Differences between Association and Competition

The living beings that share a habitat or ecosystem have different ways of relating to each other, either for mutual benefit or for that of only one. Since resources are always limited, be it territory, food or water, it is natural that there are forms of interrelation in which species cooperate (association) or on the contrary fight (competence).

The biological association

We will talk association, then, although also of cooperation, when two animal individuals allow each other to work together in order to benefit each other, taking better advantage of resources or providing an opportunity that they would not have separately. This type of beneficial relationship can occur intraspecific (between two members of the same species) or interspecific (between two members of different species).

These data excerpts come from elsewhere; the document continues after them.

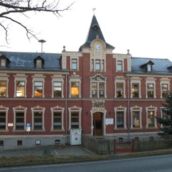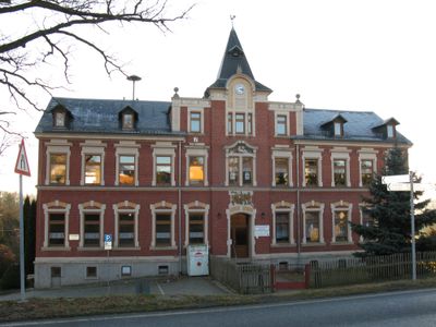 Großfriesener Schule Falkensteiner Landstraße 26, Alte Dorfschule Großfriesen, repräsentativer späthistoristischer Klinkerbau, von bau- und ortshistorischer Relevanz.<br> zweigeschossiger roter Klinkerbau von zehn Achsen, mit gerade stuckverdachten Fenstern 1. Obergeschoss bzw. Klinkerbogen im Er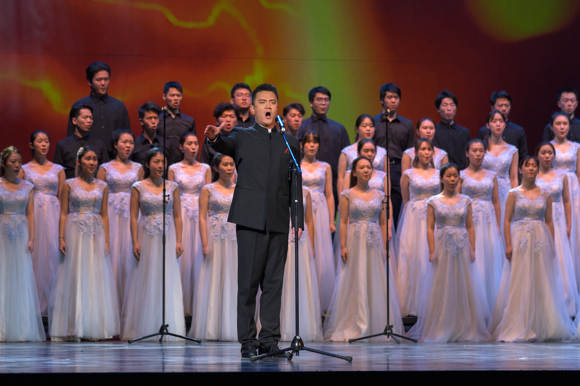 著名男高音歌唱家石倚洁先生的出场让整场音乐会的气氛达到了最高潮。这位在国际歌剧舞台上大放异彩的罗西尼男高音展现了对中国歌曲的超凡演绎,一首《鼓舞》震撼了在场的每一位观众,他的歌声如惊涛拍岸,极富穿透力,深深打动观众们的心,为在场观众们注入了一股强大的精神力量,鼓舞我们开启新的征程。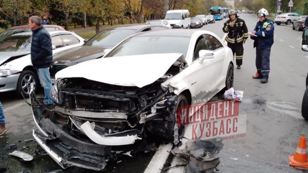 Очевидцы рассказали, что в воскресенье в областном центре Кузбасса столкнулись сразу несколько автомобилей. Фото с места происшествия появились в соцсетях.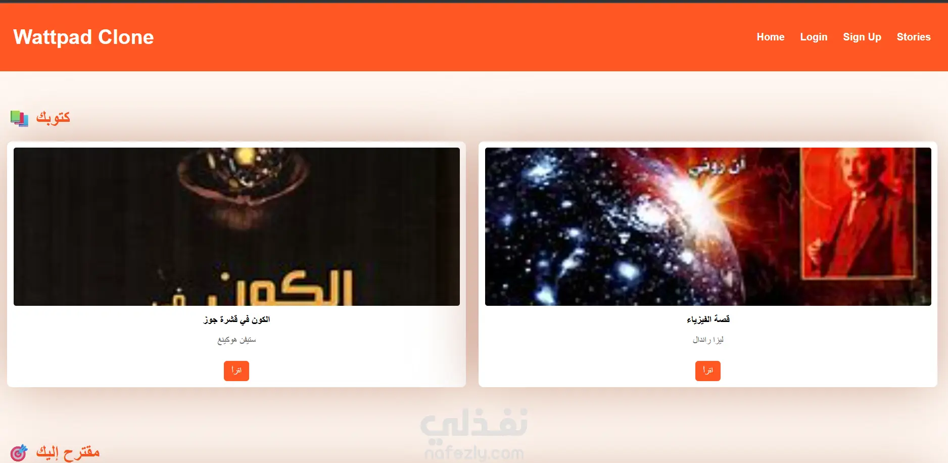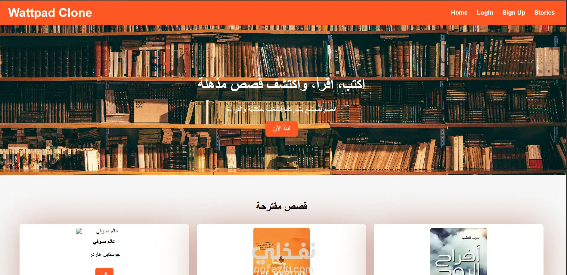 منصة صغيرة بس قوية وسهلة الاستخدام زي Wattpad تسمح للناس بالاستمتاع بالكتب والروايات على الإنترنت بطريقة سلسة وممتعة المشروع ده هو نسخة تجريبية وتفاعلية لصفحة قراءة كتب مصممة بعناية لتوفر تجربة قارئ حقيقي.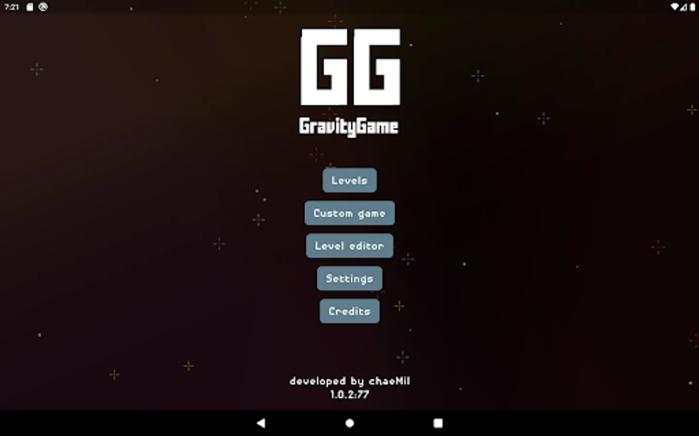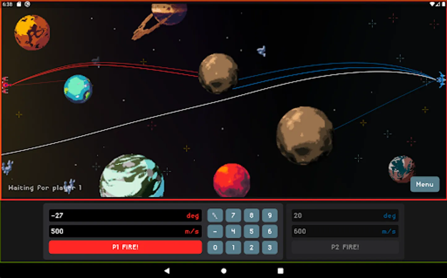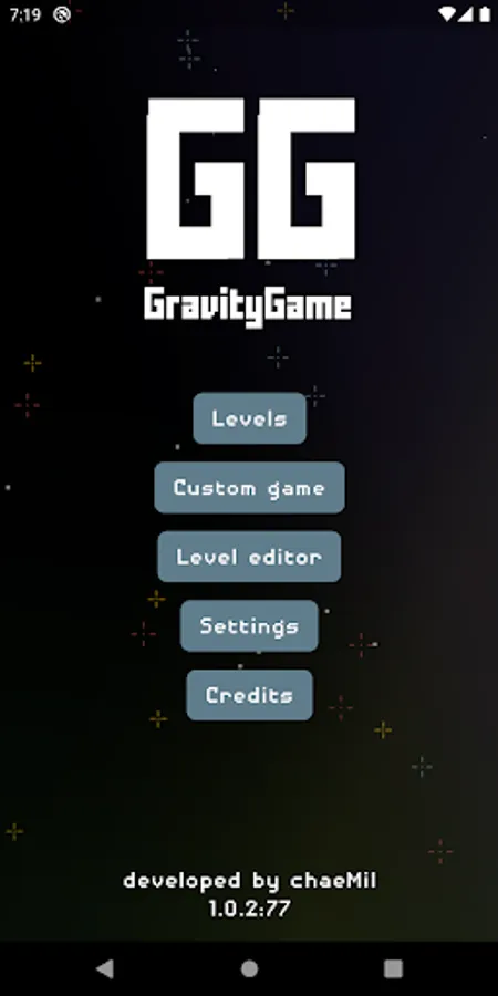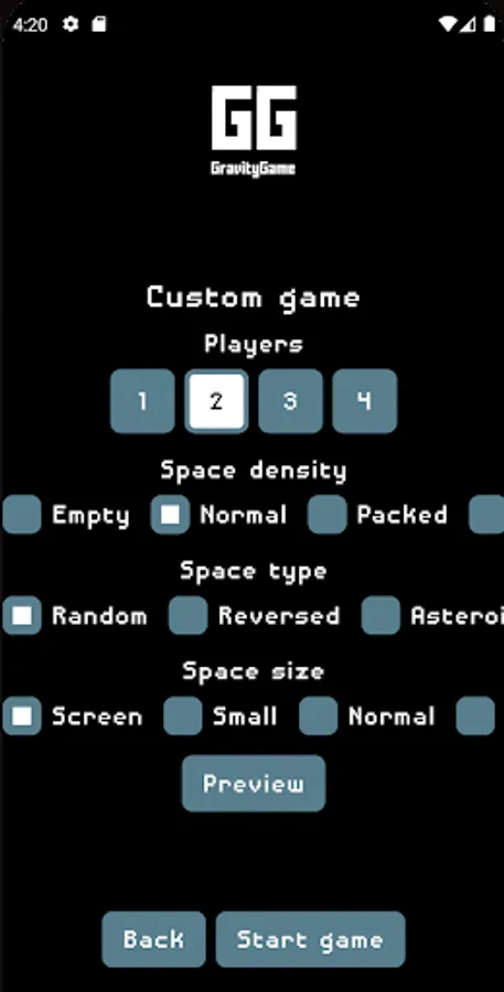 Gravity Game or GG for short is a game where 1 to 4 players are fighting against each other or an AI in universe filled with planets and asteroids. Each turn player inputs angle and velocity for his projectile to be fired between the gravity influencing planets and other players ships. The goal is to stay alive and eliminate all other players.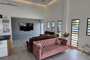 Guests will have a special experience as the villa offers a private pool. Featuring a private entrance, this air-conditioned villa consists of 5 bedrooms and 3 bathrooms with a walk-in shower. Guests can make meals in the kitchen that is equipped with a stovetop, a refrigerator, a dishwasher and kitchenware. Boasting a terrace with garden views, this villa also provides a washing machine and a flat-screen TV with streaming services. The unit offers 5 beds.

A good example of association is the colonies, in which numerous individuals of the same species share habitat, to the degree that they are sometimes bodily fused. Thus, corals form colonies of identical individuals that cooperate to protect and feed themselves; while the bees do the same, but in a hierarchical way and by dividing the tasks, to keep the whole alive and protected.

Association types

The interspecies biological associations can be of the following types, judging by the specific relationship between the associated individuals:

  • Commensalism. Both individuals live together, and one of them benefits from the other (for example, from its waste), without causing any harm to it. For example: remoras attached to a shark, which feed on their hunting spoil.
  • Symbiosis. In the symbiosis both associated individuals mutually benefit, either cooperating to provide sustenance or mutual defense from predators. For example: lichen, a union of a fungus and an alga to provide mutual protection and structure.
  • Parasitism. In this case, the mutual association is not so beneficial for one of the two individuals, since the other feeds on him or at his ribs and can sometimes cause harm. For example: the ticks that drink the blood of cattle.
  • Tenancy. In this case, one of the two individuals seeks protection in the other, without causing harm or being injured by it. For example: the clown fish that lives among the petals of anemones, without being injured by them but being safe from predators.

Biological competition

On the contrary, it speaks of competence when the presence of two individuals in the same habitat causes in the other a decrease in the satisfaction of their needs, whether for food, water or territory. In other words, the competition consists of the struggle or the effort on the part of the animals involved to obtain the benefits for themselves, so it is an opposite case to the association of all kinds.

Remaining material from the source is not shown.